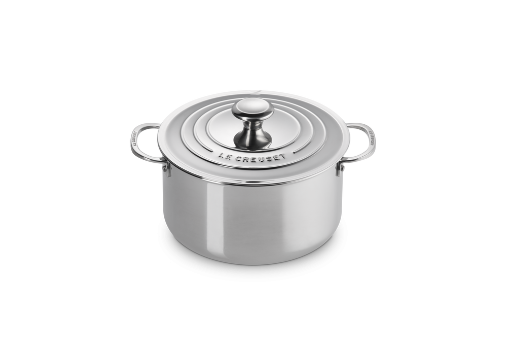 Batteria 5 Casseruole conçu par Le Creuset est un ensemble de 5 cocottes en acier inoxydable. L'ensemble se compose de 3 casseroles hautes, 1 casserole basse et 1 casserole avec manche long.
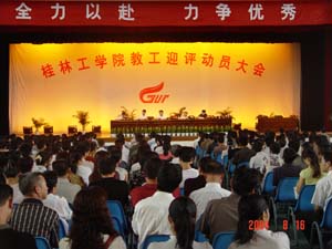 全院教职工迎评动员大会8月16日上午在体育馆三楼召开,院党委书记、院长陈大克在会上作了动员报告,他号召全体教职工发扬桂工精神,奋战80天,为实现优秀的评估目标做出自己的贡献。
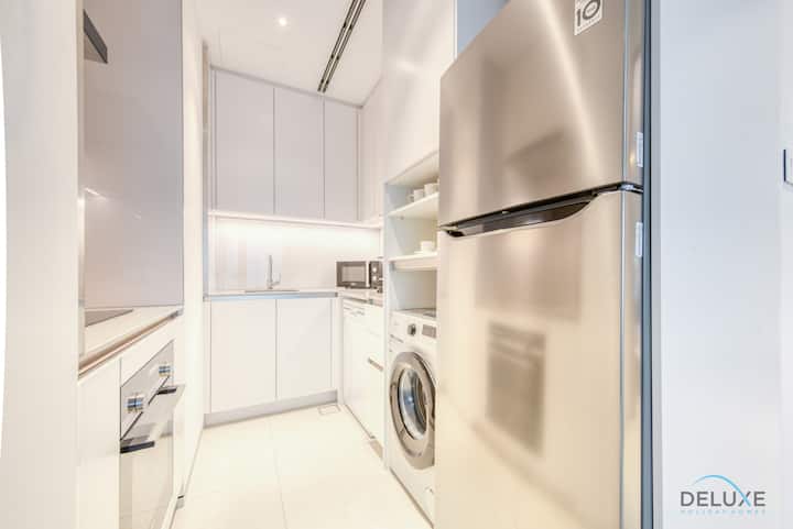 Პლაჟის 1BR მაღალსართულიანი კორპუსის გვერდით, არხის ხედებით
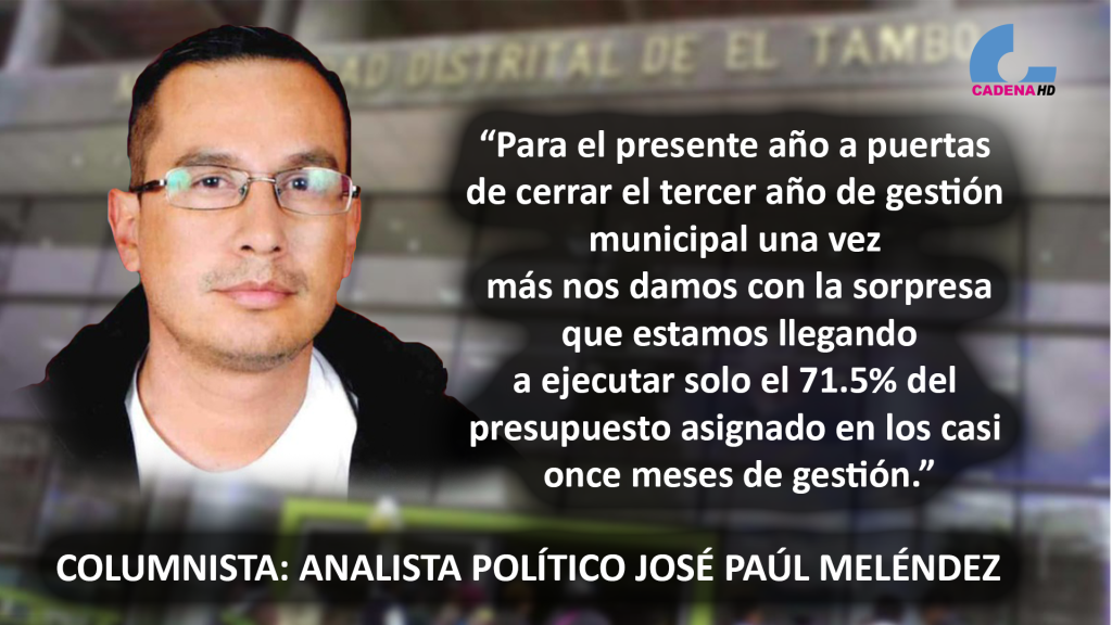 A un poco más de treinta días para cerrar el año 2021 y por ende el tercer año de gestión municipal, es necesario conocer cuál es el avance presupuestal de la gestión municipal del distrito de El Tambo, distrito más poblado de nuestra región y con muchas carencias que a la fecha su alcalde no ha sabido solucionar, por falta de voluntad política, por desidia o simplemente por incapacidad.
• • • • • • •
== TASK STATEMENT ==
Pass over the images and copy the rest of the material above exactly.

== RESULT OF THE EXERCISE ==
 Batteria 5 Casseruole conçu par Le Creuset est un ensemble de 5 cocottes en acier inoxydable. L'ensemble se compose de 3 casseroles hautes, 1 casserole basse et 1 casserole avec manche long.
 全院教职工迎评动员大会8月16日上午在体育馆三楼召开,院党委书记、院长陈大克在会上作了动员报告,他号召全体教职工发扬桂工精神,奋战80天,为实现优秀的评估目标做出自己的贡献。
 Პლაჟის 1BR მაღალსართულიანი კორპუსის გვერდით, არხის ხედებით
 A un poco más de treinta días para cerrar el año 2021 y por ende el tercer año de gestión municipal, es necesario conocer cuál es el avance presupuestal de la gestión municipal del distrito de El Tambo, distrito más poblado de nuestra región y con muchas carencias que a la fecha su alcalde no ha sabido solucionar, por falta de voluntad política, por desidia o simplemente por incapacidad.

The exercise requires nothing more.